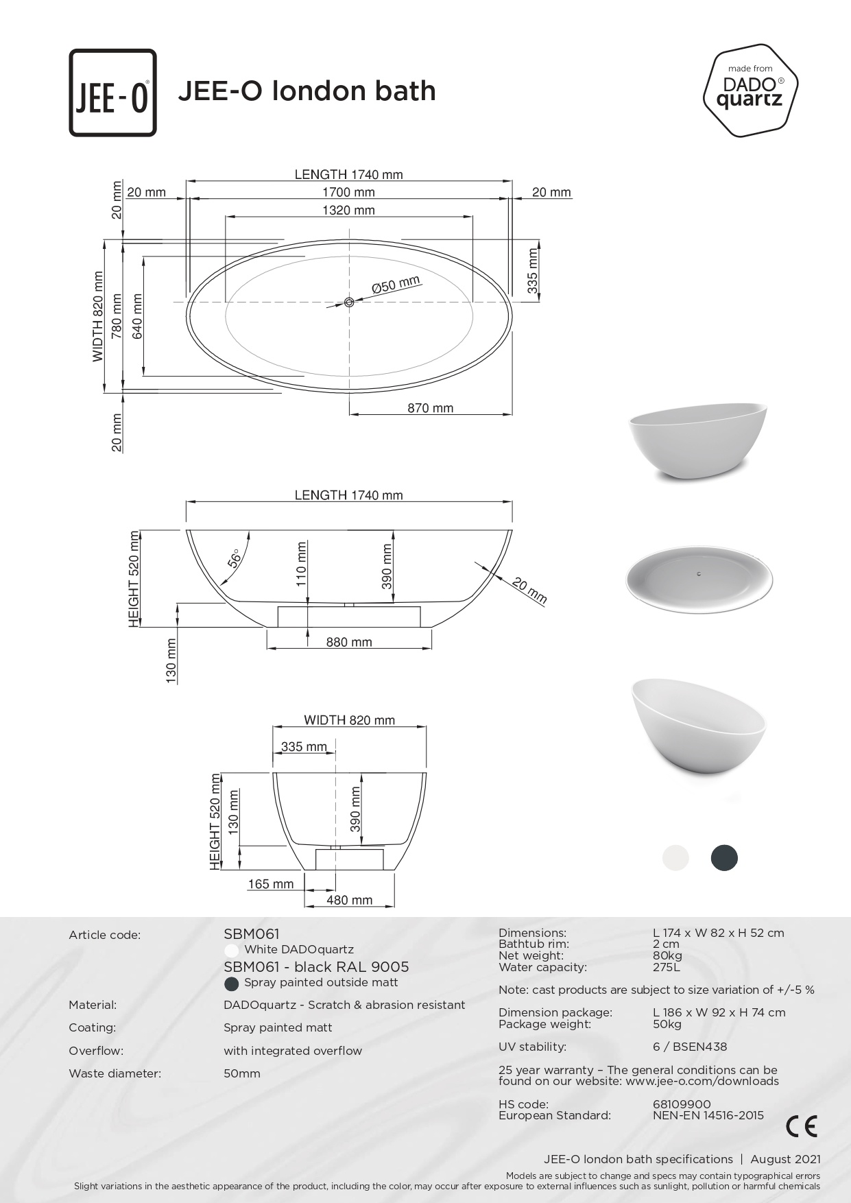 Het JEE-O Slimline London bad is gemaakt van hoogwaardig materiaal en is daardoor duurzaam en slijtvast. De mat witte binnenkant zorgt voor een strakke en tijdloze uitstraling, terwijl de bronzen buitenkant het bad een unieke en luxe uitstraling geeft.
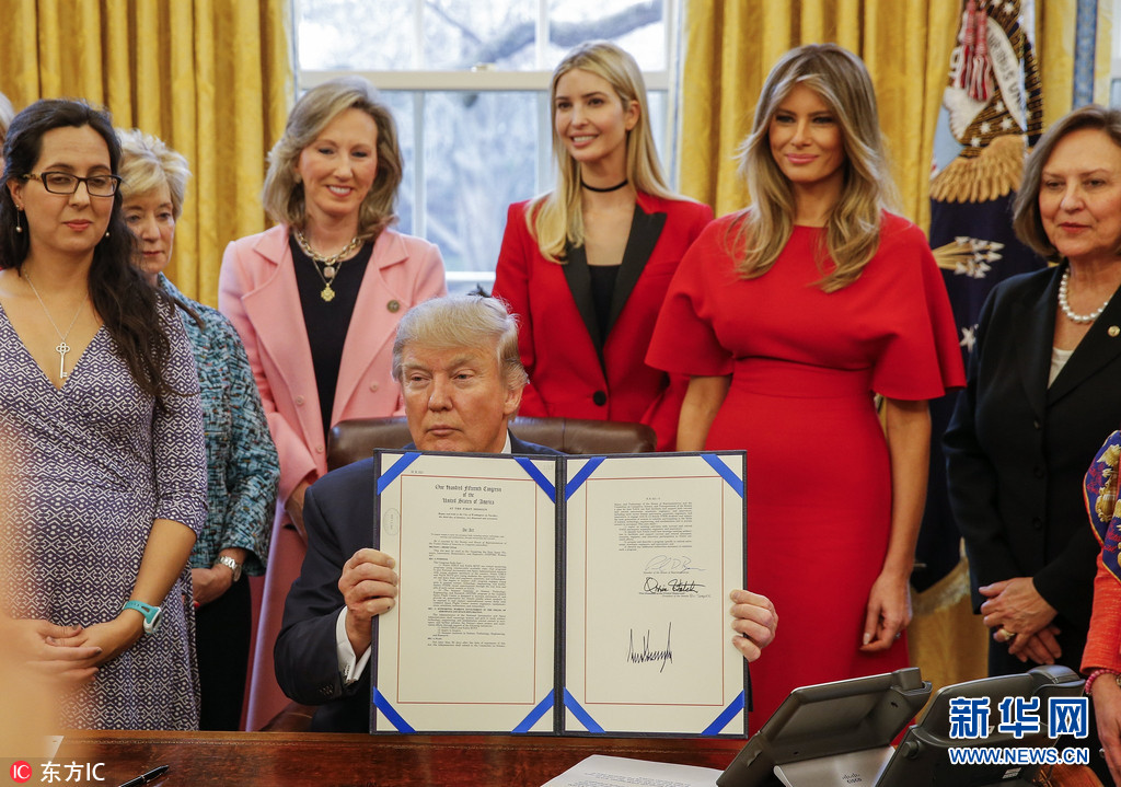 特朗普簽署促進女性就業法案 伊萬卡紅套裝時尚亮相(組圖)
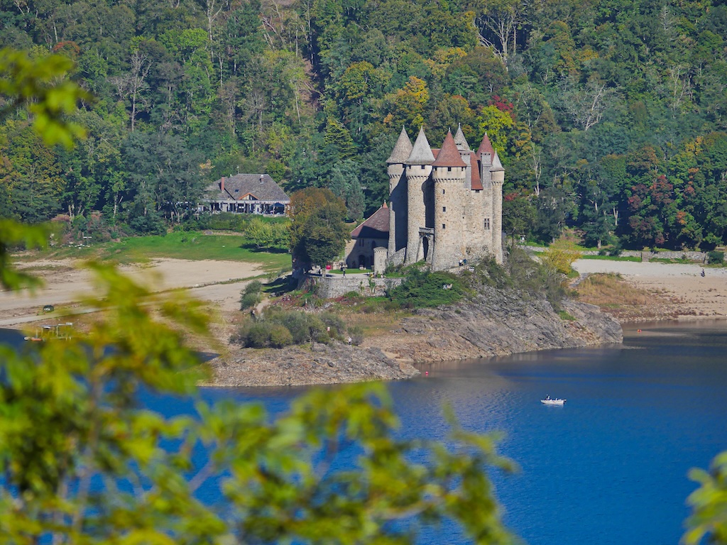 Jouée en boucle autour du chemin, la musique de la forêt pénètre le marcheur au point de lui faire perdre les notions de distance et de temps. La journée est déjà bien avancée lorsque, à la faveur d’une trouée, j’aperçois les six tours et les façades percées par des fenêtres à meneaux du Château de Val, sur la rive opposée de la Dordogne. Bien que situé dans le Cantal – plus exactement sur la commune de Lanobre – l’édifice appartient à la commune corrézienne de Bort-les-Orgues.
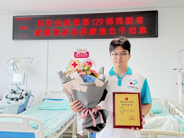 9月5日上午,经过近4小时的采集工作后,我校第二临床医学院2020级临床医学专业学生查晨凯,在合肥完成了270毫升的造血干细胞捐献,成为全国第18375例、安徽省第662例、合肥市第129例造血干细胞捐献者。据悉,他捐献的这份“生命种子”将被送往南京某医院用于救治患者。
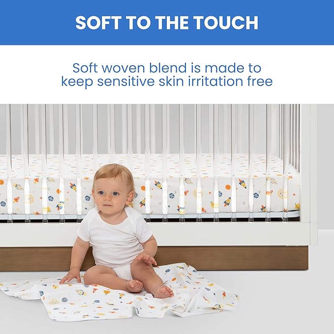 Delta Children Fitted Crib Sheets for Girls and Boys - Crib Sheet for Standard Crib and Toddler Mattresses - 28x52 Inch (Pack of 3), Space Exploration
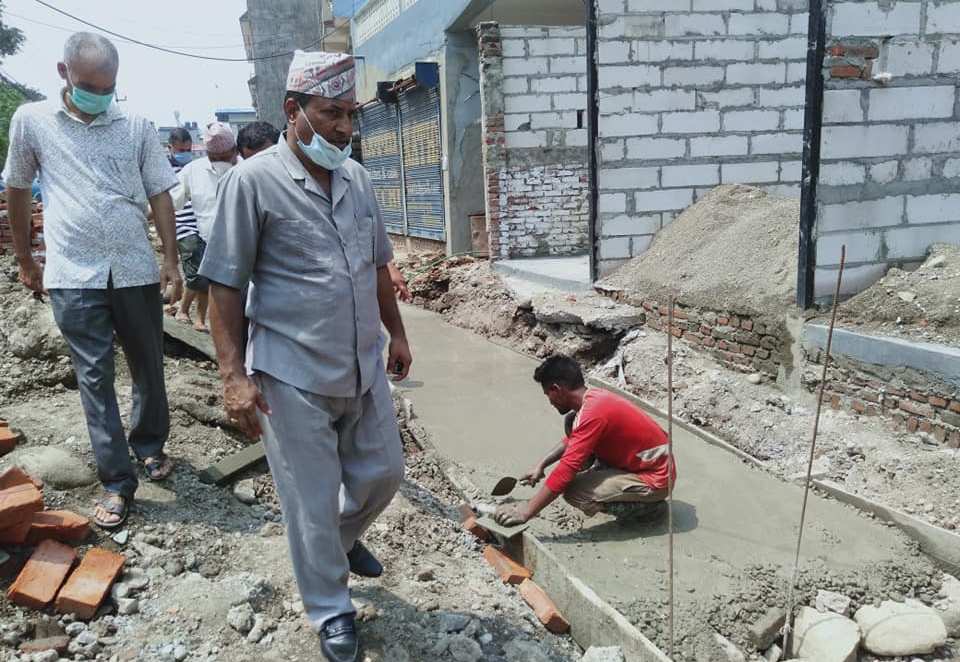 कोरोना संक्रमण रोक्न तथा यसको न्युनिकरणका लागि गरिएको लकडाउन र यसका लागि अपनाउनु पर्ने आवश्यक स्वास्थ्य सतर्कता संगै स्वास्थ्यकर्मी तथा प्राविधिकसहितको टोलीको निगरानी गरेर सुरक्षा बन्दोबस्ती भए नभएको यकिन गर्दै निर्माणका काम सुचारु गरिएको उपमहानगरपालिका प्रमुख शिवराज सुवेदीले बताउनुभयो । उहाँले निर्माणमा संलग्न निर्माण कम्पनी तथा उपभोक्ता समितिलाई मजदुरको स्वास्थ्य परीक्षण गर्न लगाइएको पनि बताउनुभयो ।
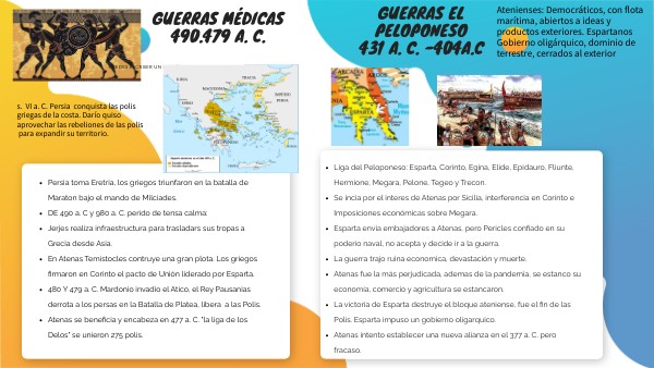 Se explica las la guerra médica y la guerra del Peloponeso, sus caracteristicas.
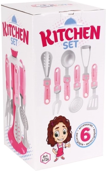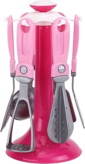 Als je van design houdt, mag deze originele houder met keukengerei voor kleine kokkinnen niet in huis ontbreken. Een onmisbare accessoire voor alle kleine koks en helpers in het huishouden of voor meisjes die graag iets lekkers willen koken voor hun poppen. De set bevat 6 stuks gerei samen met een praktische houder, zodat je alles bij de hand hebt. Alles is gemaakt van hoogwaardige en veilige kunststof. Geschikt voor kinderen vanaf 3 jaar.

= = = = = = =

Task goal →
Can the entries above be repeated exactly, without their pictures?

Task response →
 Het JEE-O Slimline London bad is gemaakt van hoogwaardig materiaal en is daardoor duurzaam en slijtvast. De mat witte binnenkant zorgt voor een strakke en tijdloze uitstraling, terwijl de bronzen buitenkant het bad een unieke en luxe uitstraling geeft.
 特朗普簽署促進女性就業法案 伊萬卡紅套裝時尚亮相(組圖)
 Jouée en boucle autour du chemin, la musique de la forêt pénètre le marcheur au point de lui faire perdre les notions de distance et de temps. La journée est déjà bien avancée lorsque, à la faveur d’une trouée, j’aperçois les six tours et les façades percées par des fenêtres à meneaux du Château de Val, sur la rive opposée de la Dordogne. Bien que situé dans le Cantal – plus exactement sur la commune de Lanobre – l’édifice appartient à la commune corrézienne de Bort-les-Orgues.
 9月5日上午,经过近4小时的采集工作后,我校第二临床医学院2020级临床医学专业学生查晨凯,在合肥完成了270毫升的造血干细胞捐献,成为全国第18375例、安徽省第662例、合肥市第129例造血干细胞捐献者。据悉,他捐献的这份“生命种子”将被送往南京某医院用于救治患者。
 Delta Children Fitted Crib Sheets for Girls and Boys - Crib Sheet for Standard Crib and Toddler Mattresses - 28x52 Inch (Pack of 3), Space Exploration
 कोरोना संक्रमण रोक्न तथा यसको न्युनिकरणका लागि गरिएको लकडाउन र यसका लागि अपनाउनु पर्ने आवश्यक स्वास्थ्य सतर्कता संगै स्वास्थ्यकर्मी तथा प्राविधिकसहितको टोलीको निगरानी गरेर सुरक्षा बन्दोबस्ती भए नभएको यकिन गर्दै निर्माणका काम सुचारु गरिएको उपमहानगरपालिका प्रमुख शिवराज सुवेदीले बताउनुभयो । उहाँले निर्माणमा संलग्न निर्माण कम्पनी तथा उपभोक्ता समितिलाई मजदुरको स्वास्थ्य परीक्षण गर्न लगाइएको पनि बताउनुभयो ।
 Se explica las la guerra médica y la guerra del Peloponeso, sus caracteristicas.
 Als je van design houdt, mag deze originele houder met keukengerei voor kleine kokkinnen niet in huis ontbreken. Een onmisbare accessoire voor alle kleine koks en helpers in het huishouden of voor meisjes die graag iets lekkers willen koken voor hun poppen. De set bevat 6 stuks gerei samen met een praktische houder, zodat je alles bij de hand hebt. Alles is gemaakt van hoogwaardige en veilige kunststof. Geschikt voor kinderen vanaf 3 jaar.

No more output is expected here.